Estimated ongoing cost: 3-5% of development time goes to maintaining generators and analyzers. Zero time goes to maintaining "specification documents" because there are no specification documents.


The Cost-Benefit Curves

Cumulative cost over time:

Cost │                           Spec-Driven
     │                          /
     │                         /
     │                        / ← Document maintenance accumulates
     │                       /
     │                      /
     │                     /
     │           ─────────────────── Typed Specifications
     │          /                    (flat after initial investment)
     │         / ← Initial tooling investment
     │        /
     │       /
     │      /
     │     /
     │────/─────────────────────────────────────────
     0    3    6    9    12   15   18   21   24 months

The typed approach has a higher initial cost (building generators and analyzers) but a flatter maintenance curve (no documents to maintain). The spec-driven approach has a lower initial cost (fill in templates) but a steeper maintenance curve (documents must be kept current).

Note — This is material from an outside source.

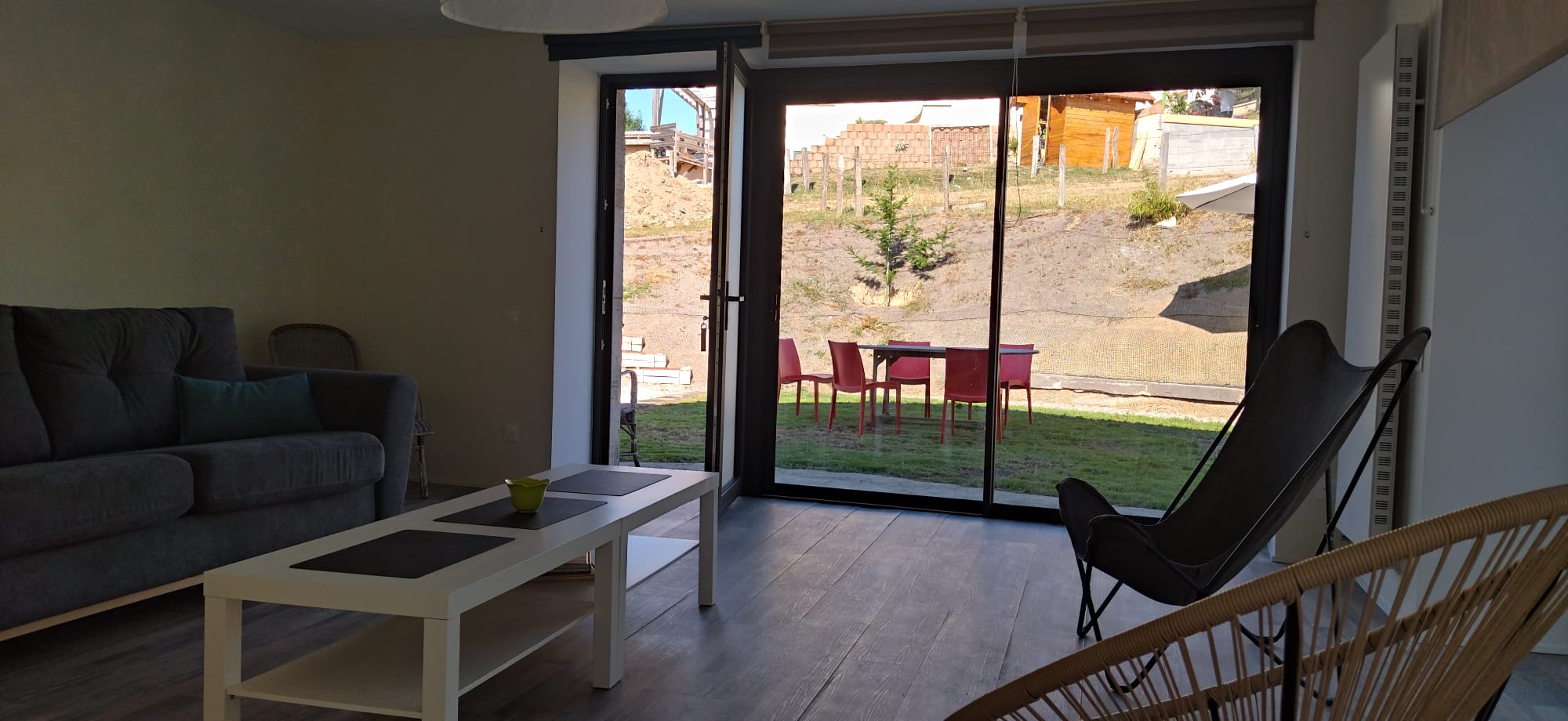 La maison se situe dans un hameau très sécure au milieu des champs et des collines ,elle est aménagée de façon contemporaine et dispose de deux terrasses, un deck nord et une terrasse herbée .Elle est mitoyenne mais les entrées sont sur des façades opposées et très très indépendantes .Aucune partie commune .Elle se trouve à 11 mn en voiture du lac des sapins ,de nombreux chemins de randonnée au départ de la maison .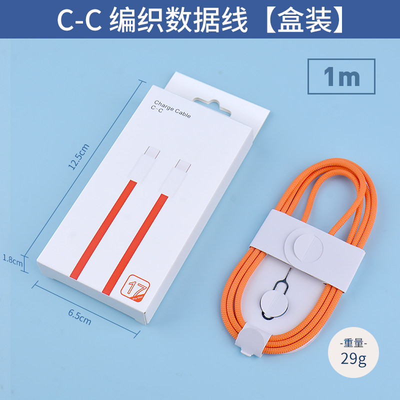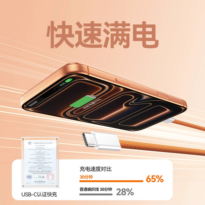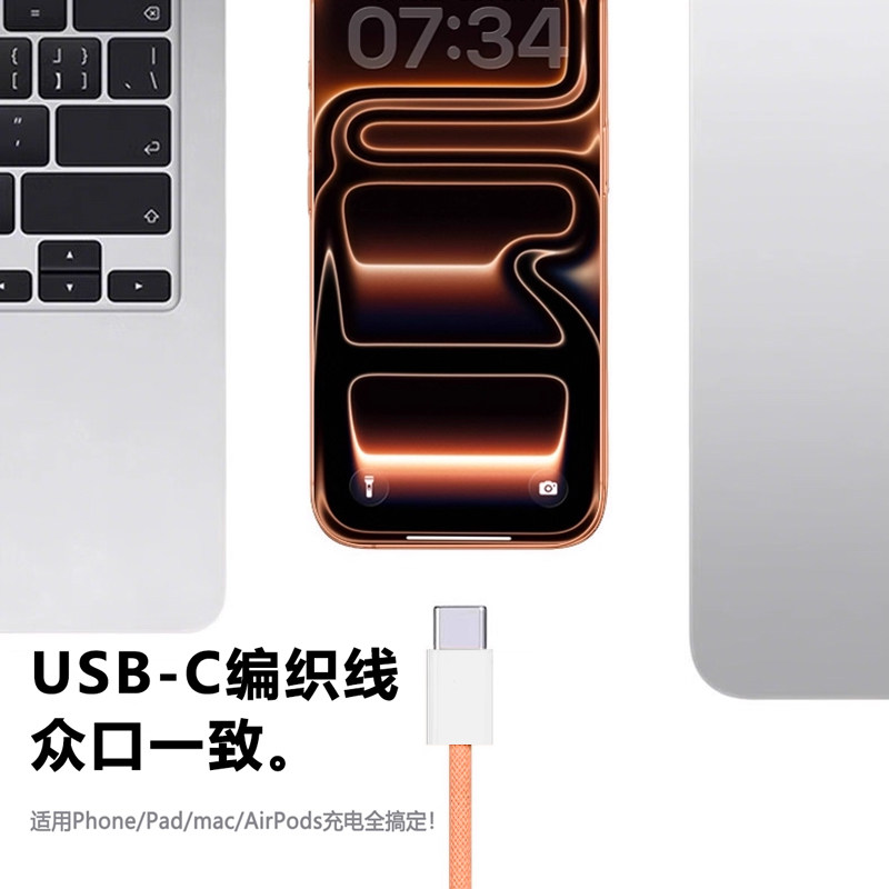 适用苹果17数据线iPhone16充电线双typec线15promax手机快充PD45W编织30W车载air橙色60W带取卡针

The crossover point — where typed specifications become cheaper total — depends on:

  1. Team size. Larger teams drift faster (more people → more opportunities for divergence).
  2. Change frequency. Rapidly changing projects drift faster.
  3. Compliance requirements. Regulated projects pay a higher cost for drift (audit findings, remediation).
  4. Tooling investment. A team that already has Roslyn expertise pays less for the initial investment.

For a small team (3-5 developers) on a stable project, the crossover might never happen — the spec-driven approach stays cheaper. For a large team (20+ developers) on a rapidly changing project with compliance requirements, the crossover happens within 6-9 months.


The Tooling Paradox at Scale

This section addresses a counterintuitive truth about the spec-driven approach: the more seriously you adopt it, the more you converge toward building your own typed system.

Phase 1: Text Files (Day 1)

You fill in the PRD template. You write acceptance criteria as English sentences. You define quality thresholds as numbers in a .txt file. Everything is text. Everything is simple. No tooling needed.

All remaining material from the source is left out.